Unfortunately, Banaue was hard to watch because the source film is very poor quality.  It has a thick tinting around the edges that severely restricts the viewing area.  I’m not sure if the tinting was a result of film deterioration, or if it was deliberate, to give it a dreamy “long long time ago” quality.  Very strange.

(For a more watchable movie filmed at and around the Banaue rice terraces, see Batad (2006))

Also, Banaue is in Tagalog, without English subtitles, so I couldn’t really follow the story at all.  On the other hand, there are other Tagalog films that are easier to follow, I think due to their more modern contexts.  Such as these two…

Tatlong Taong Walang Diyos (“Three Years Without God”) (1976), directed by Mario O’Hara, and also starring Aunor and De Leon.  It makes sense that the two greatest movies about the Philippines during WW2 are Filipino productions.  This and Oro, Plata, Mata.  It’s disappointing that Hollywood has all but ignored the subject during the past 50 years.

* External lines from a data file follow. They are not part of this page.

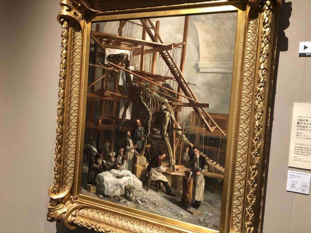 イグアノドンの化石を組み立てている様子を描いた絵画です。
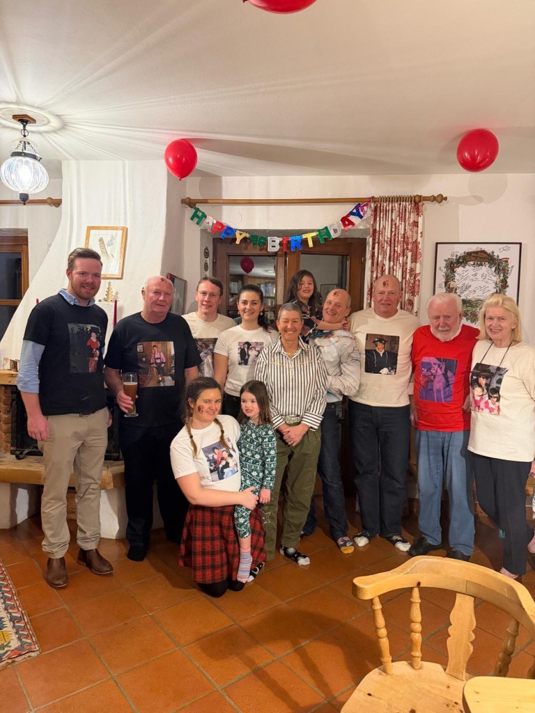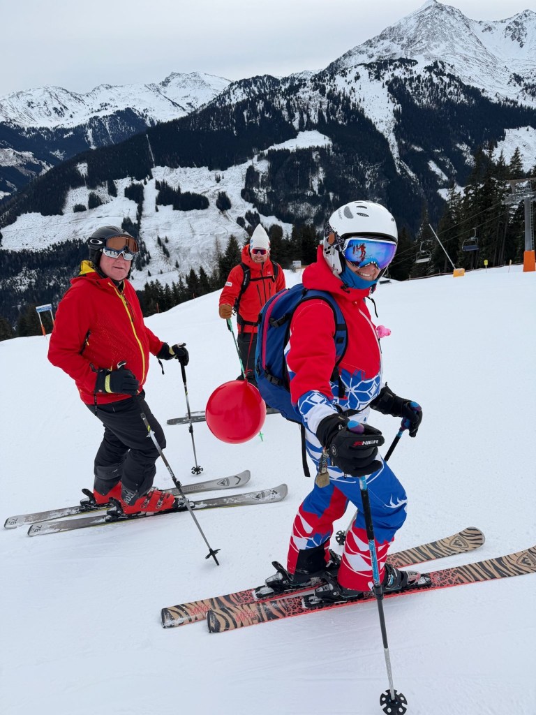 Everyone made my 60th birthday a fabulous day to remember, there was champagne at the top of the mountain in the horn Boden which was very necessary as it was so blooming cold -14 at that point , I skied with a red balloon attached to me all day courtesy of Penny and then we had a wonderful evening with musicians and lots of dancing at the chalet . There were t shirts printed with various photos of me throughout my life being worn and confetti of my face everywhere for days not forgetting the tattoos of my face all over people’s bodies , that was bad enough but it was even worse when people couldn’t get them off 😳🙈
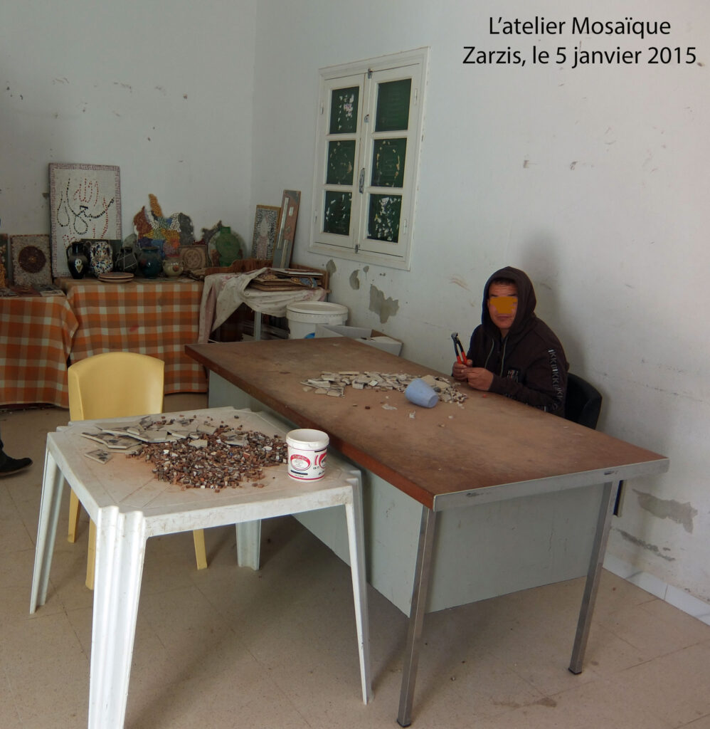 Mais l’atelier dans lequel nous nous attardons le plus, pratique la calligraphie avec de la mosaïque. Un handicapé armé d’une pince, découpe en petits carrés du carrelage. Mr Noureddine Labiadh détaille l’intérêt de ce travail : « nous avons été confrontés à une propension à détruire. Le fait de passer des journées entières à réduire en petits morceaux des carreaux calme cette pulsion. Ensuite, il y a le tri en fonction des couleurs pour mettre en forme les éléments constitutifs de la mosaïque. Puis la disposition pour donner forme à l’écriture. Cette activité est d’une grande richesse quant aux potentialités qu’elle développe. » Lors de la poursuite de la visite , le directeur fait observer l’entretien impeccable et la propreté des locaux auxquels sont associés les handicapés et autistes.

Medal of Valor: Lt. Jack Moreno (1991), directed by Garcia and Nuqui.  Apparently based on a true story, this is about a Filipino army officer’s exploits of bravery while hunting down and defending against communist rebels in the jungles of the Philippines.  If I hadn’t known what it was about before I watched it, I would have thought it was a Vietnam War action movie.  Excellent jungle.


One Response to ““samurai ghouls led by a green-skinned tyrant in a groovy skull castle” and more”

  1. I grew up on a diet of Doug McClure movies. Ahhh, the glory days of UHF stations and “ABC Afternoon Movie Theme Weeks”.